A catty of crucian carp, half a green onion, two slices of ginger, four slices of garlic, a proper amount of dried Chili, a little braised soy sauce,
Light soy sauce, a little salt, a little chicken essence, a little starch, a little white wine and a little shredded onion.
Practice steps
Wash the crucian carp and cut a few knives on the fish, both sides; Put it into a pot, sprinkle some salt,
A little white wine; Apply salt and white wine to the fish by hand and marinate for half an hour;
Garlic is cut into garlic slices, onion is obliquely cut into onion segments, ginger is cut into shredded ginger, and dried pepper is cut into segments;
After the fish is salted, sprinkle dry starch on both sides of the fish and pat evenly;
Pour a little oil into the non-stick pan, heat the oil and fry the crucian carp;
Both sides are fried golden and served out;
Pour the remaining oil of fried fish into the pot, add onion, ginger, garlic and dried Chili and stir-fry until fragrant;
Pour in a little soy sauce, a little braised soy sauce, two spoonfuls of sugar, and add a proper amount of boiling water;
Add the fried crucian carp, pour the soup on the fish with a spoon, and pour it several times;
Cover the pot and simmer for ten minutes;
After ten minutes, the soup is almost collected. Add a little salt and chicken essence and turn off the fire.

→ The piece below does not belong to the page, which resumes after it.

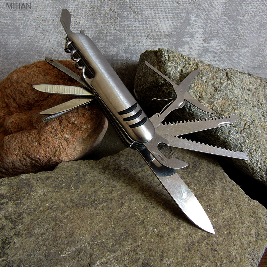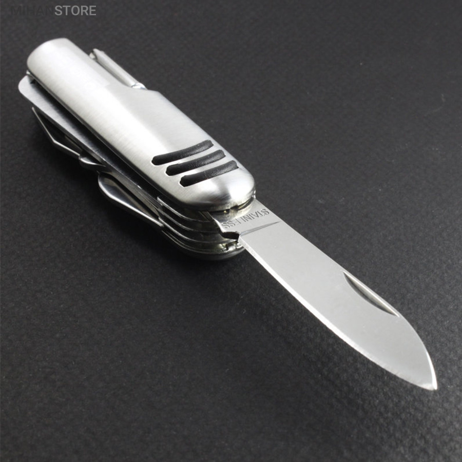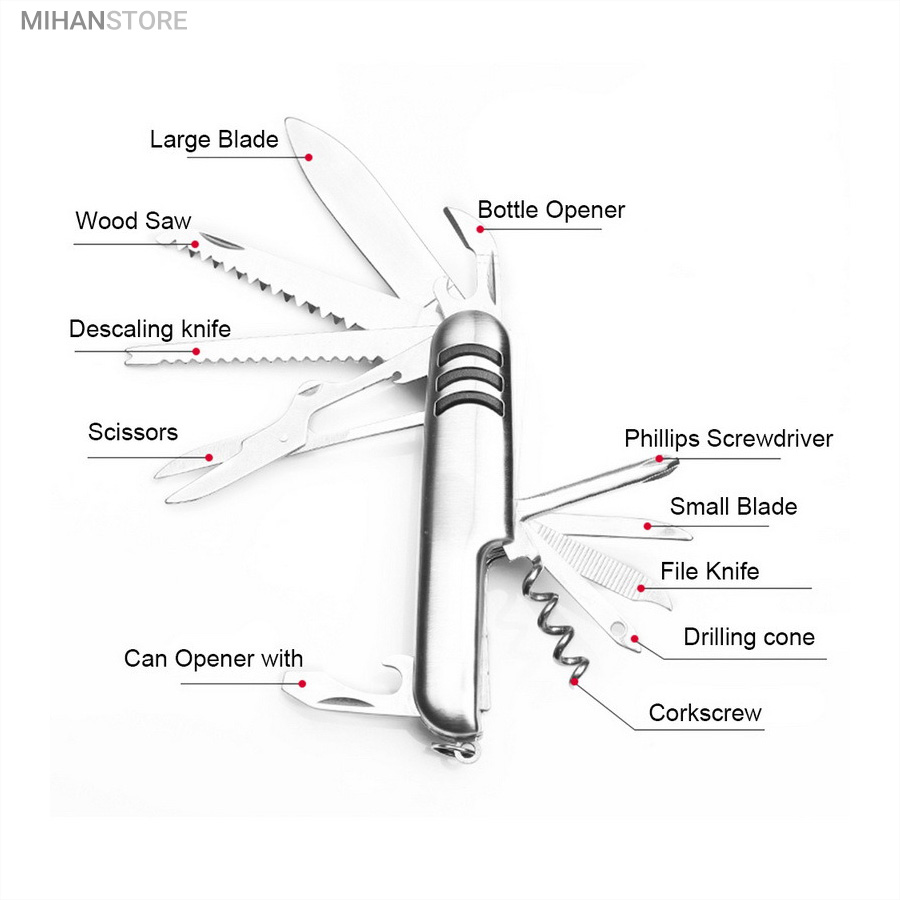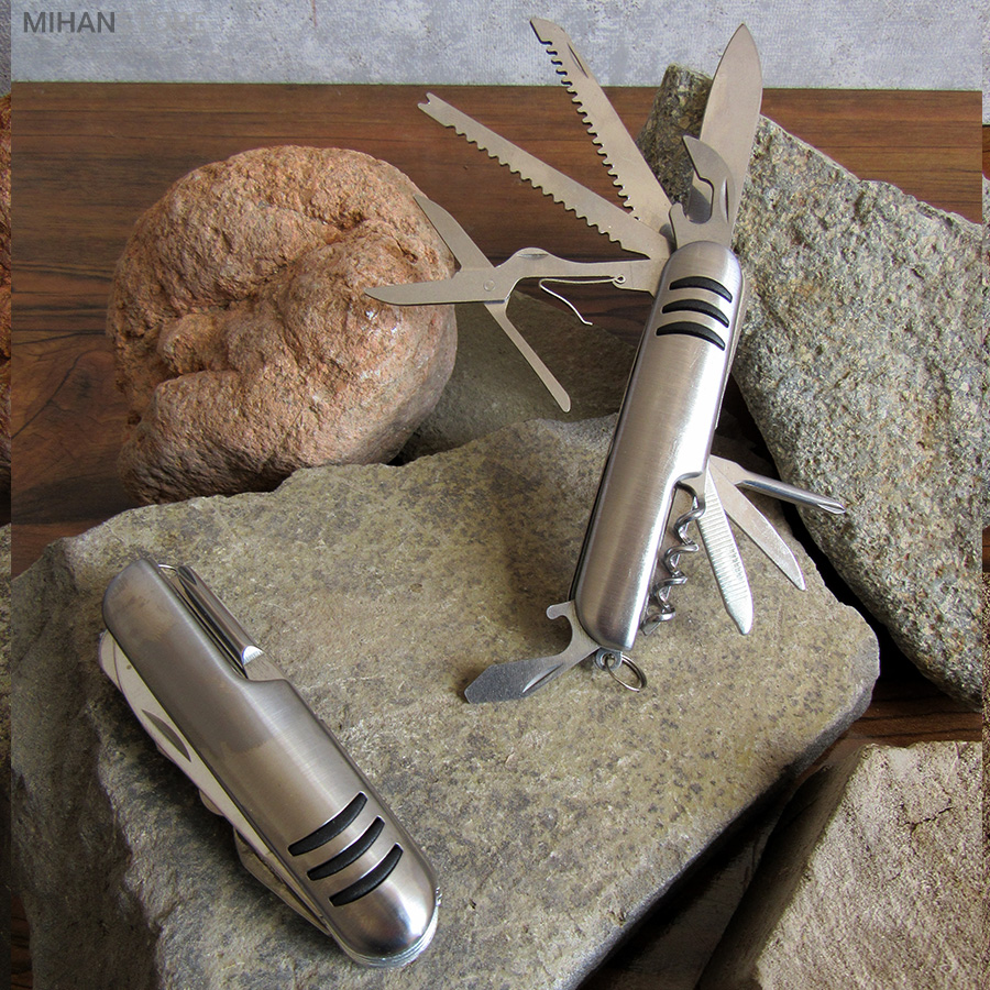 - ابزار 11 کاره شامل چاقو ، قیچی ، پیچ گوشتی ، درب باز کن ، انبر دستی ، چاقو اره ای و ...

Serve on a plate and sprinkle with shredded onion.
Tips
1 When washing fish, be sure to clean the black film in the belly of the fish, otherwise the fish will taste bitter;
2 Both soy sauce with soy sauce and braised soy sauce are salty, and salt is also put in the pickled fish. Try it before putting it in the salt.
It is best to use a non-stick pan for frying fish, so that the fried fish has a good shape and will not be broken;
Fish will be soft in the process of stewing, and it will not be served well when it is served, so it will not be broken with two shovels.
(2) The practice of braising pomfret fish at home.
One pomfret, several shallots, several slices of ginger, one clove of garlic, one red pepper, one tablespoon of soy sauce, one teaspoon of soy sauce,
1 teaspoon of salt, 2 tablespoons of cooking wine, 1 tablespoon of sugar, 1 tablespoon of vinegar, 2 tablespoons of corn starch10g and water starch.
Practice steps
Remove the viscera from the stomach of pomfret, wash it, and make three oblique cuts on both sides of the fish;
Marinate pomfret with salt, a tablespoon of cooking wine and ginger slices for a while;
Slice ginger, cut onion into scallions, slice chopped green onion and garlic, and dice red pepper;
The pickled pomfret is dried with kitchen paper, and then the fish is thinly and evenly coated with corn starch;
Add more oil to the pan, which can be half the thickness of hairtail, and the oil is 70% hot. Put the fish in the frying pan.
Deep-frying while shaping, and then turning over and frying; And then draining the oil;
Leave the bottom oil in the pot, add ginger slices, onion slices, garlic slices and diced red pepper and stir-fry until fragrant;
Add the fried pomfret, add one tablespoon of cooking wine, one tablespoon of soy sauce, one teaspoon of soy sauce and one tablespoon of sugar.
Add some water just equal to the fish, boil over high fire, and cook over low fire until the soup is thick; It is best to pour a spoonful of vinegar along the edge of the pot;
Plate pomfret, add water starch to the remaining sauce in the pot, and make it into thick juice to pour on the fish;
Sprinkle with chopped green onion and a little diced red pepper; You can enjoy it!
Tips
1 Before frying fish, be sure to dry the water on the surface of the fish to prevent oil splashing and fish skin sticking to the pan, and wrap the raw flour to prevent the fish skin from sticking to the pan;
Fry the fish thoroughly on one side and then turn it upside down to prevent the fish from being fried.